I always LOVED the VERY rare and obscure Jefferson motorcycles that were only produced for a hand full of years in the small rural town of Jefferson Wisconsin...


----------



## New Mexico Brant (Dec 8, 2021)

I just stumbled over the digital catalog for this show, it is a must see!









						Early American Motorcycles
					

SFO Museum Exhibition Catalog. San Francisco International Airport




					issuu.com


----------



## Boxtubebob (Dec 8, 2021)

New Mexico Brant said:


> I just stumbled over the digital catalog for this show, it is a must see!
> 
> 
> 
> ...



The display has been moved from SFO.
I am not sure where it is now. 
It was really nice to see.


----------



## razinhellcustomz (Dec 8, 2021)

New Mexico Brant said:


> I just stumbled over the digital catalog for this show, it is a must see!
> 
> 
> 
> ...



I wonder if their is a hard copy of this catalog available? If so i would love to obtain one.. Thanks for sharing Brant.. Razin..


----------



## New Mexico Brant (Dec 8, 2021)

razinhellcustomz said:


> I wonder if their is a hard copy of this catalog available? If so i would love to obtain one.. Thanks for sharing Brant.. Razin..

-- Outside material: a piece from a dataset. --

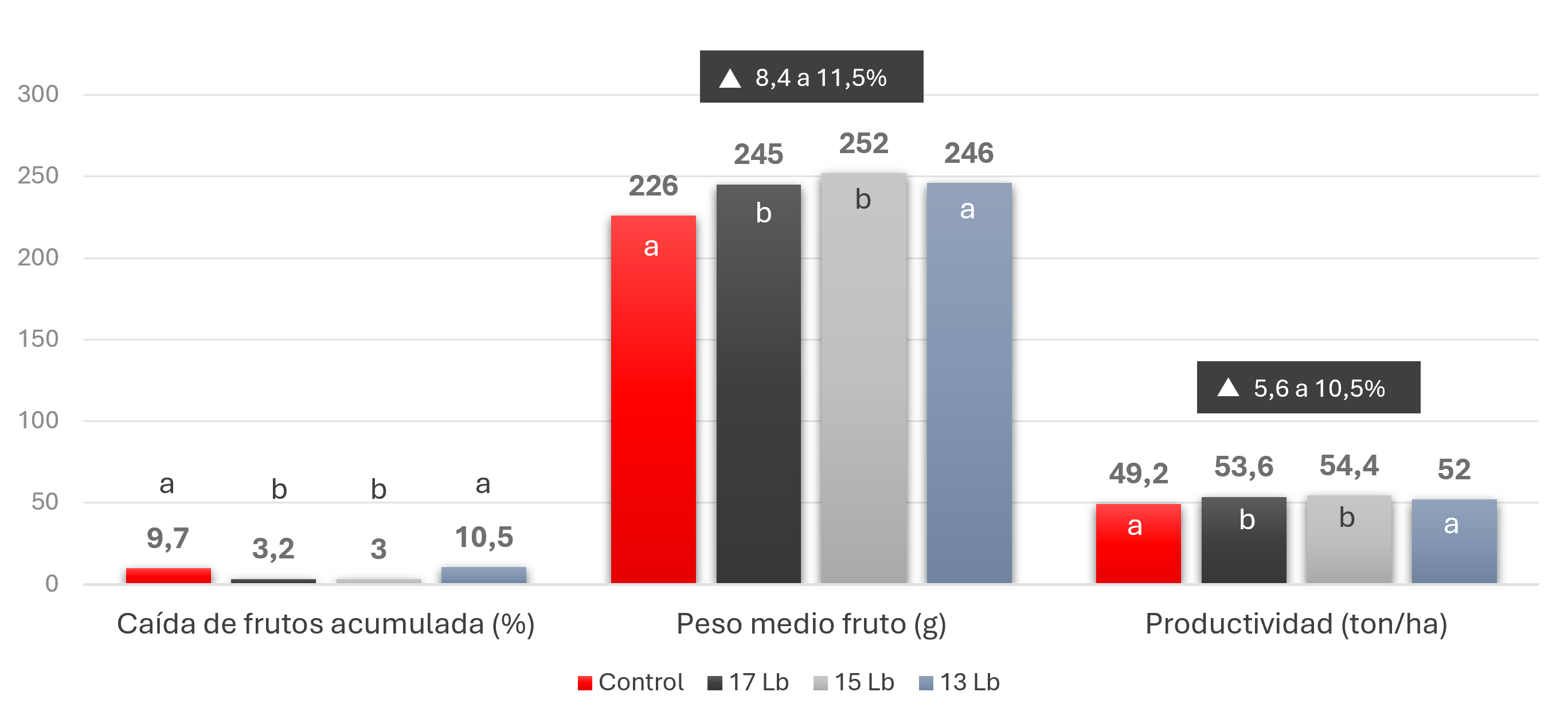 En otras palabras, los tratamientos con ReTain® mostraron mejoras consistentes en rendimiento y calidad. La aplicación en 15 Lb destacó con el mayor peso de fruto, la productividad más alta del ensayo y una mejor distribución de calibres, concentrando una mayor proporción de fruta XL y menos calibres pequeños. En conjunto, estos efectos se traducen en más kilos comercializables, mayor valorización por calibre y un retorno económico superior.

I don’t think so. I was thinking the same thing.  I would love to buy one but I can’t find anywhere that mentions a print copy being available.


----------



## Axlerod (Dec 9, 2021)

New Mexico Brant said:


> I don’t think so. I was thinking the same thing.  I would love to buy one but I can’t find anywhere that mentions a print copy being available.



They have hard copy brochures but it’s not really a catalog. It unfolds into a pretty cool centerfold.


----------